Given data —
☆ ☆ ☆ ☆

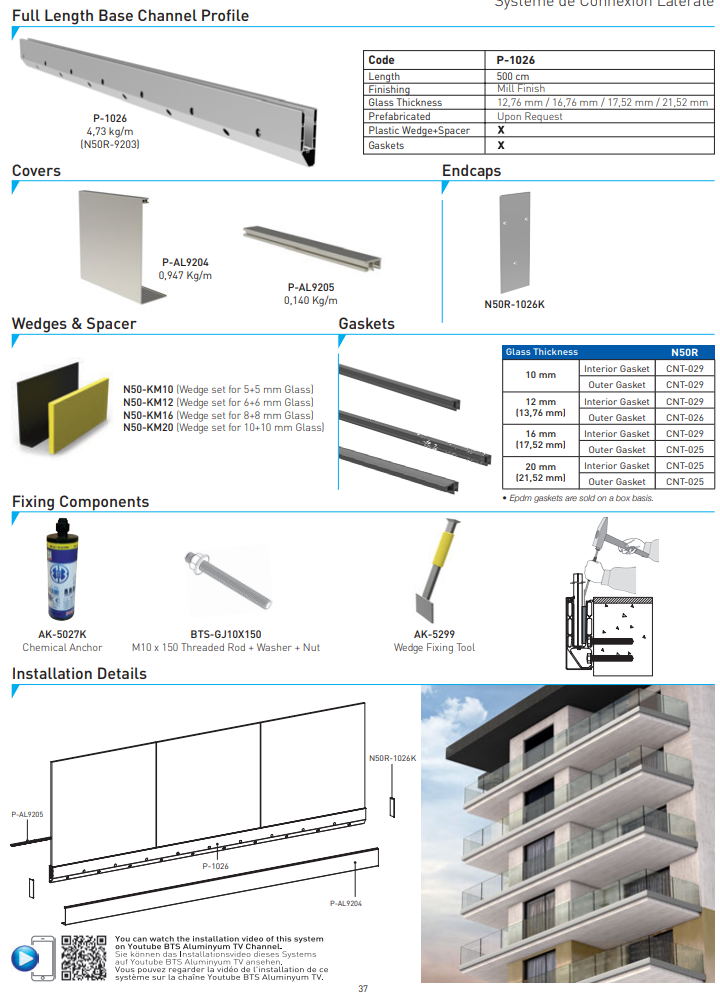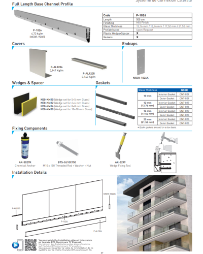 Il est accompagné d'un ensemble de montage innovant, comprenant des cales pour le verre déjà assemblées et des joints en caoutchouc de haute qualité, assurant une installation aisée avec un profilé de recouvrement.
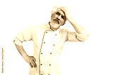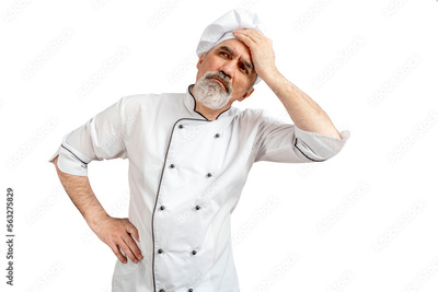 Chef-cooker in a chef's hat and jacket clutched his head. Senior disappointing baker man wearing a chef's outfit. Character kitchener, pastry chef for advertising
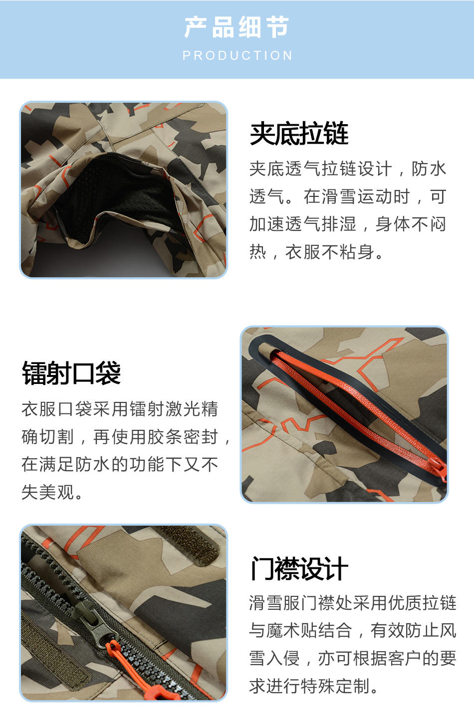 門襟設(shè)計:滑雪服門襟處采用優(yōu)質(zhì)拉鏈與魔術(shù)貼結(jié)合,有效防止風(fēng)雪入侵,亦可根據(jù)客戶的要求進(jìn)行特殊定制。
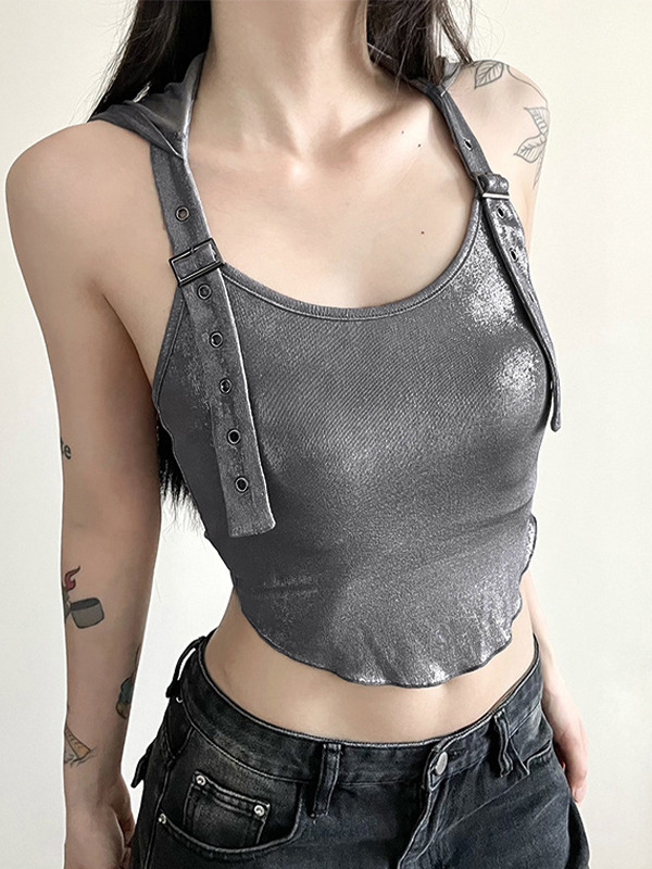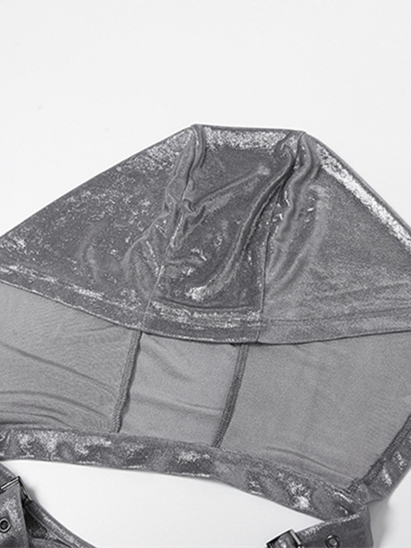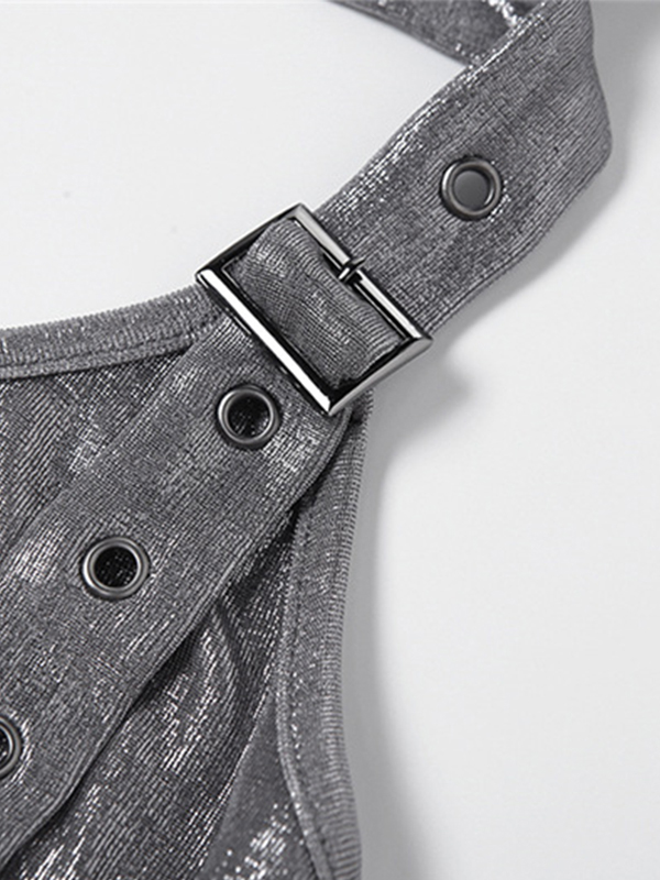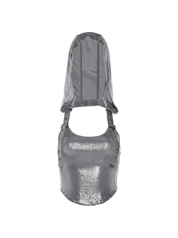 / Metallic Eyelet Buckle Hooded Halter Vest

☆ ☆ ☆ ☆

Work request — Transcribe exactly the line containing "Chef-cooker in a" and every line after it through the end of the listing above; pictures are not part of the copy.

Solved problem —
 Chef-cooker in a chef's hat and jacket clutched his head. Senior disappointing baker man wearing a chef's outfit. Character kitchener, pastry chef for advertising
 門襟設(shè)計:滑雪服門襟處采用優(yōu)質(zhì)拉鏈與魔術(shù)貼結(jié)合,有效防止風(fēng)雪入侵,亦可根據(jù)客戶的要求進(jìn)行特殊定制。
 / Metallic Eyelet Buckle Hooded Halter Vest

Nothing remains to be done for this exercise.